Quick & Reilly, Inc. v. Saglio

717 F. Supp. 822 (1989)

In the Matter of the Arbitration between QUICK & REILLY, INC., Claimant,
v.
E. David SAGLIO, Respondent.

No. 89-1089-CIV.

United States District Court, S.D. Florida, Miami Division.

August 7, 1989.

*823 Jose M. Sariezo, Miami, Fla., for claimant.

Philip T. Weinstein, Miami, Fla., for respondent.

MEMORANDUM OPINION

SPELLMAN, District Judge.

ORDER GRANTING RESPONDENT'S MOTION TO DISMISS AND DENYING CLAIMANT'S PETITION TO CONFIRM ARBITRATION AWARD AND ENFORCE JUDGMENT CONSISTENT THEREWITH

THIS CAUSE comes before the Court upon Claimant's, QUICK & REILLY, INC., Petition to Confirm Arbitration Award and Enforce Judgment Consistent Therewith, filed with this Court on May 25, 1989. Respondent, E. DAVID SAGLIO, failed to file a response in opposition thereto; instead, Respondent filed a Motion to Dismiss for lack of subject matter jurisdiction on July 10, 1989. Upon review of this matter, it is the opinion of this Court that the above-styled cause should be dismissed for lack of subject matter jurisdiction.

Procedural History

On February 24, 1987, Respondent, E. David Saglio ("Saglio"), executed a Margin Agreement with Claimant, Quick & Reilly ("Q & R"), for the purchase of securities on margin. On May 18, 1987, Saglio executed an Option agreement with Q & R to establish an option trading account.[1]

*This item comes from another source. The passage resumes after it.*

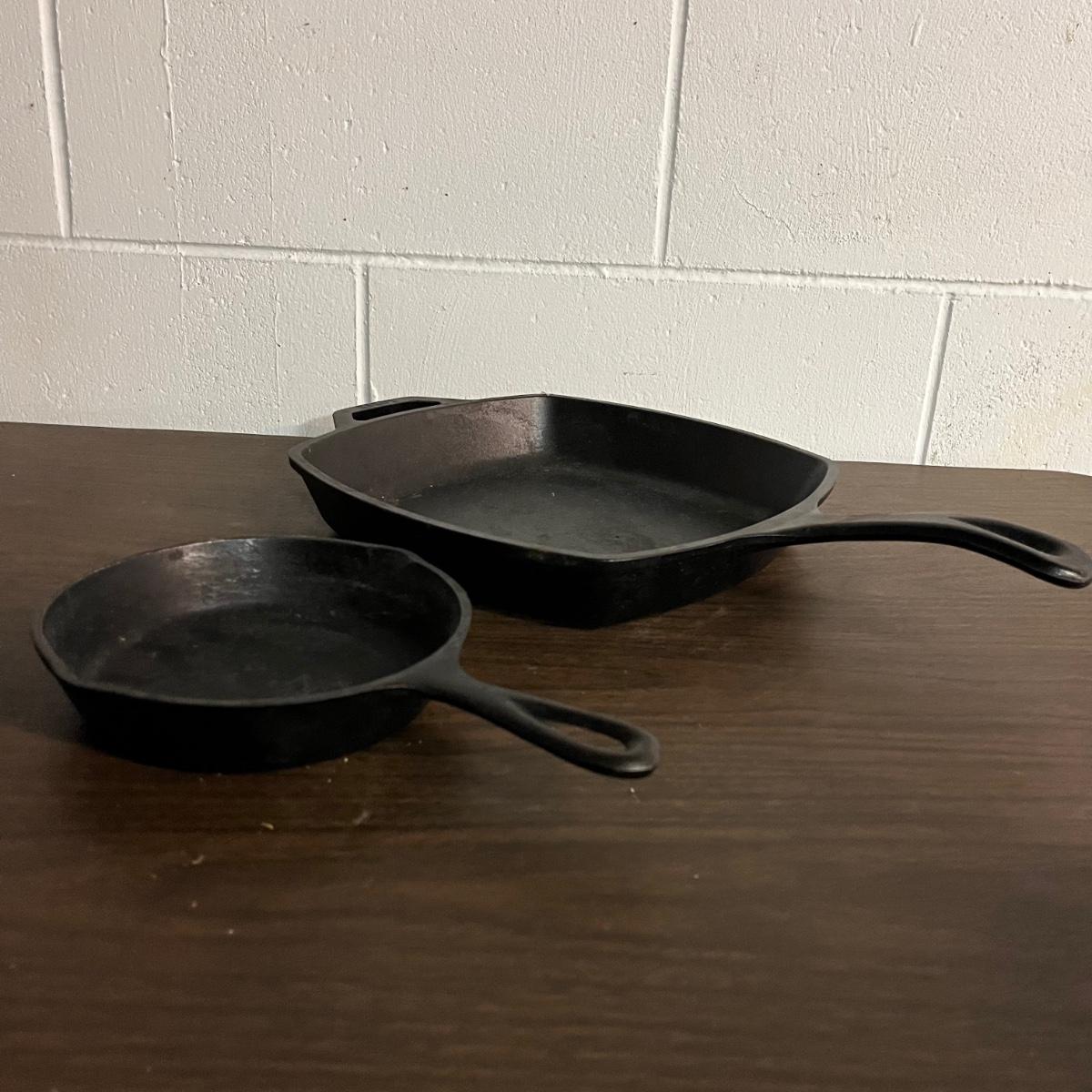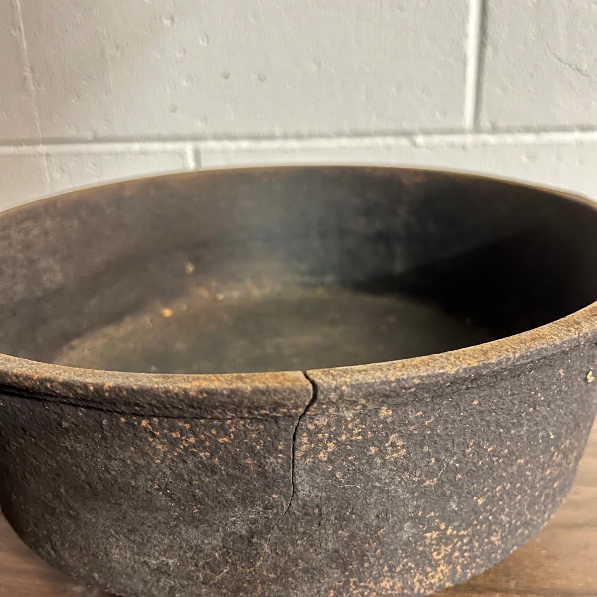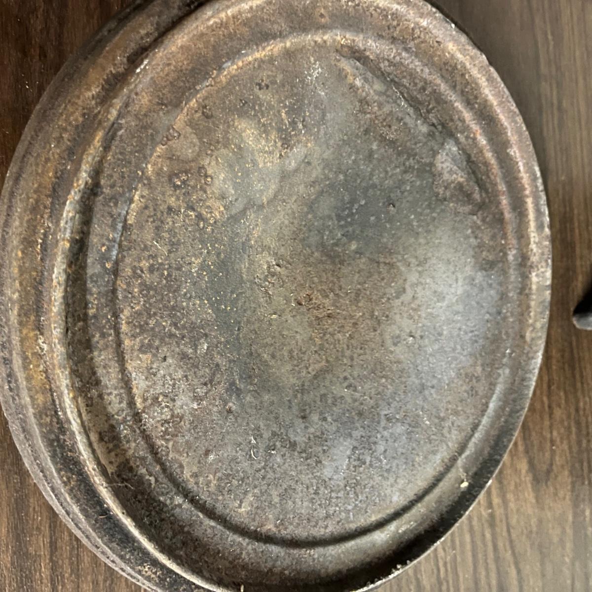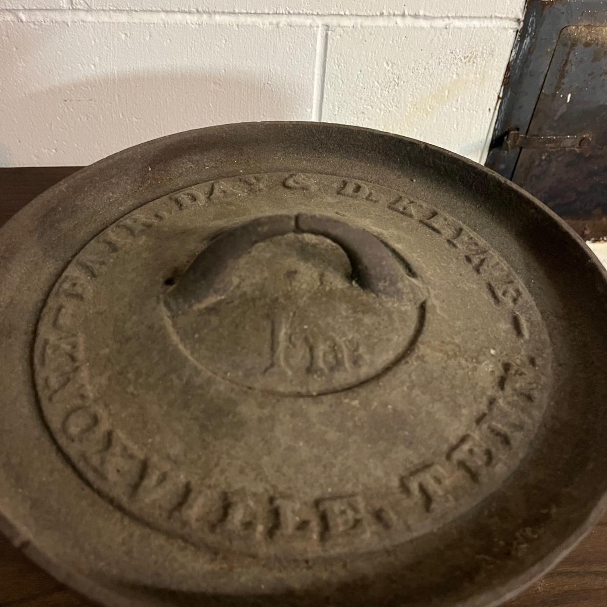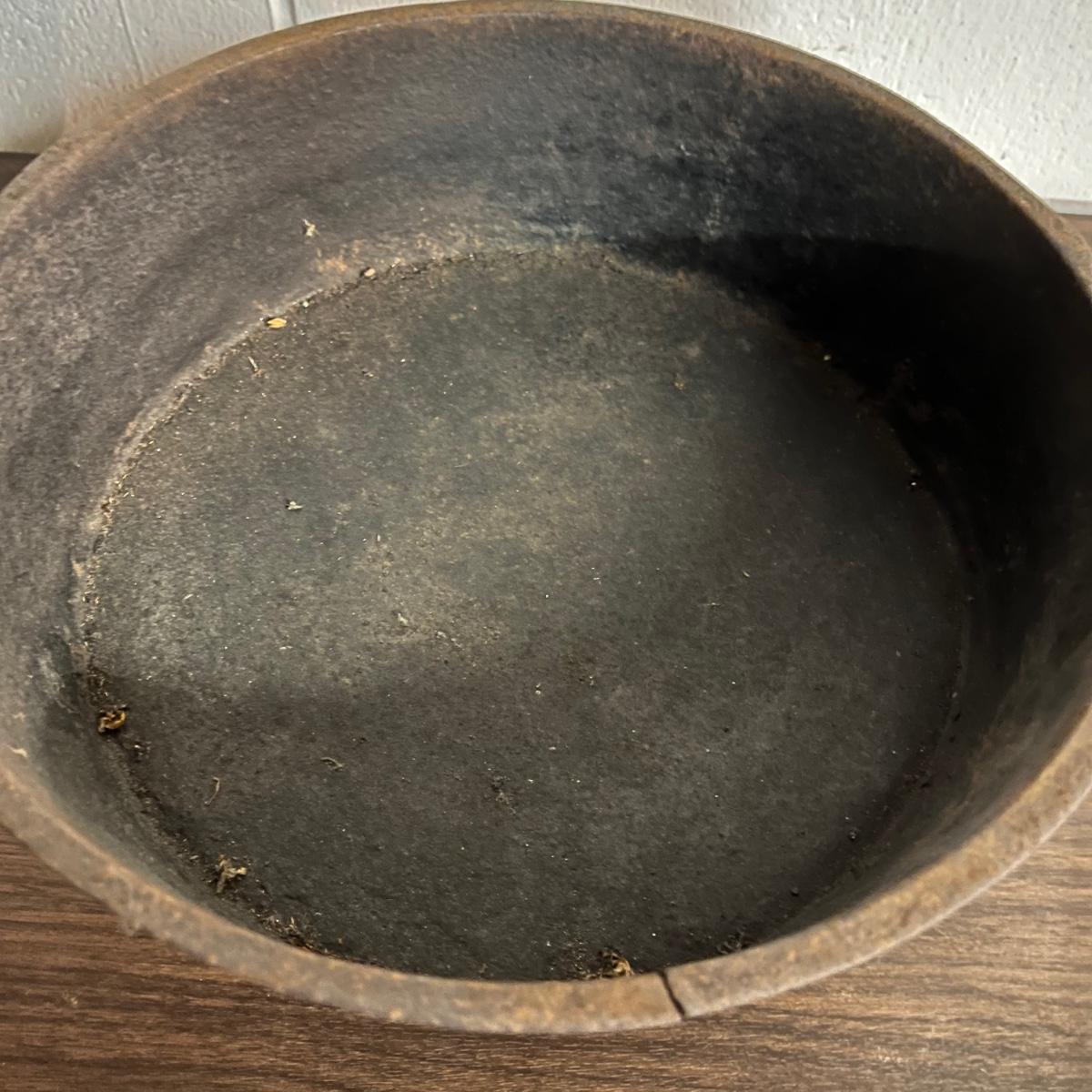 Lot includes a Fair Day and Deklyne Cast iron Dutch oven and a Lodge frying pan and a pan marked 3. Dutch oven has crack, see pictures. Dutch oven measures 10”D x 7”.

Following the stock market crash in October 1987, Saglio became indebted to Q & R for $44,181.34. After Saglio refused to pay the indebtedness, Q & R filed a Statement of Claim with the New York Stock Exchange for the amount due on Saglio's account, plus interest from October 21, 1987. On March 10, 1989, in Fort Lauderdale, Florida, a hearing was held before three New York Stock Exchange arbitrators at which Saglio was represented by counsel and was afforded an opportunity to present witnesses, introduce subpoenaed documents and cross-examine Q & R's witnesses. Following the hearing, the arbitrators unanimously awarded Q & R the sum of $44,181.34 as requested in the Statement of Claim. The arbitrators also dismissed Saglio's counterclaim and assessed $800.00 in costs against Q & R.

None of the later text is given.